Print media had limits for advertisements, heck, in magazines they were premium real estate for the finest graphic designers to put together incredible imagery to get your attention. This level of care (not necessarily images or what have you) has yet to translate to the web.
Unrelated, online ads seem to go out of their way to insist that there’s nothing to be learned from print ad stacks. Which is a shame, because I’ve personally placed an irregular shape ad in the middle of a broadsheet page and placed stories around it in the manner least like to confuse readers. Guess what the verdict was back then?
Are you saying your threshold for ads and empty foreshadowing hype is somehow under 99%? I sure do love me an ad-blocked, sponsor-blocked video that still somehow manages to waste 10 minutes to learn “no” or “I don’t know, either.”
That’s when the skip to highlight option comes in handy. And if a video doesn’t have it I end up contributing so next person can save time.
So soon we will need an adblocker blocker blocker to use YouTube?
Oh, cool; more reason to use Piped and Invidious lmao
Invidious received a lawyer letter from youtube…

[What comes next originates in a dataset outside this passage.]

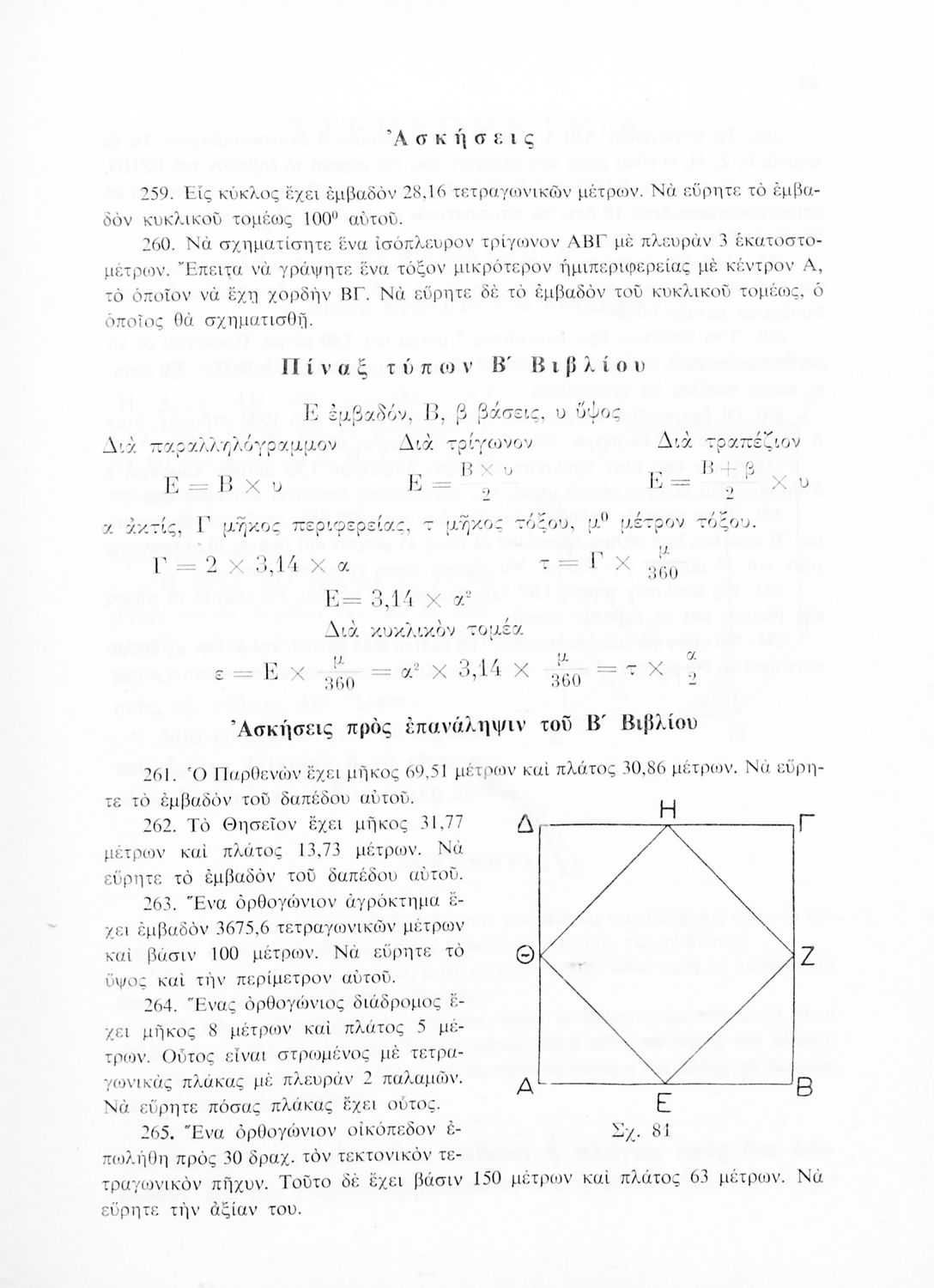 Σχολικό εγχειρίδιο Γεωμετρίας για τα Γυμνάσια και τα Αστικά Σχολεία που είναι χωρισμένο σε Επιπεδομετρία και Στερεομετρία και περιλαμβάνει θεωρία και ασκήσεις.

Which they promptly ignored…
Yeah, that was fun as they said they were using the API illegally and as they are not :D
But I mean, google KNOWS about Invidious. They will try to f**k them as hard as possible by every mean, that’s for sure.
I’m in the camp that says you should really pay for premium. It’s so worth the money. For every premium user that watches a video the creator gets a pretty good cut. Something like 55%. Blocking ads doesn’t really hurt the creator too much. Your mainly just sticking it to Google. But if your someone who watches alot of YouTube consider premium, to help your favorite creators more. Especially you get Music included.
Man, everything is a premium subscription these days. I’m just so done with modern monetization schemes thst nickel and dime. Everything from heated seats in cars to content in games that we’ve already paid for.